Question

in the circl below, AD is diameter and AB is tangent at A. Suppose mADC=228*, find the measures of mCAB and mCAD. Type your numerical answers without units in each blank.

Answer 1

Given:

AD is diameter of the circle, AB is the tangent, and measure of arc ADC is 228 degrees.

To find:

The
`m\angle CAB` and
`m\angle CAD`.

Solution:

AD is diameter of the circle. So, the measure of arc AD is 180 degrees.
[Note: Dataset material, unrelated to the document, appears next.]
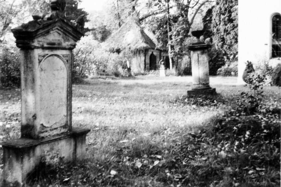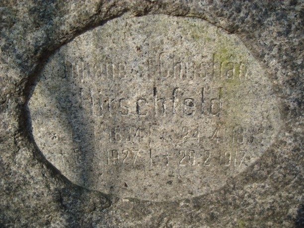 Als letzter ist der Grabstein des Ehepaars Hirschfeld auf dem Gelände des einstigen Burglehnfriedhofs heute noch zu sehen. Ferdinant Christian Hirschfeld gehörte als gräflicher Badewärter zu den standesherrschaftlichen Bediensteten also zu den Burglehnern. Er starb am 26. Februar 1917, einen Tag nachdem er mit seiner Ehefrau die diamantene Hochzeit feierte und vom Superintendenten Nay ein Gnadengeschenk von 50 Mark erhielt. Seine Ehefrau Juliane Hirschfeld geb. Menzel starb am 6. Juli 1927 im Alter von 93 Jahren.7

`m(arcADC)=m(arcAD)+m(arcDC)`

`228^\circ=180^\circ+m(arcDC)`

`228^\circ-180^\circ+=m(arcDC)`

`48^\circ+=m(arcDC)`

The measure inscribed angle is half of the corresponding subtended arc.

`m\angle CAD=(1)/(2)* m(arcDC)`

`m\angle CAD=(1)/(2)* 48^\circ`

`m\angle CAD=24^\circ`

AB is the tangent. So,
`m\angle BAD=90^\circ` because radius is perpendicular on the tangent and the point of tangency.

`m\angle BAD=m\angle CAB+m\angle CAD`

`90^\circ=m\angle CAB+24^\circ`

`90^\circ -24^\circ=m\angle CAB`

`66^\circ=m\angle CAB`

Therefore,
`m\angle CAB=66^\circ` and
`m\angle CAD=24^\circ`.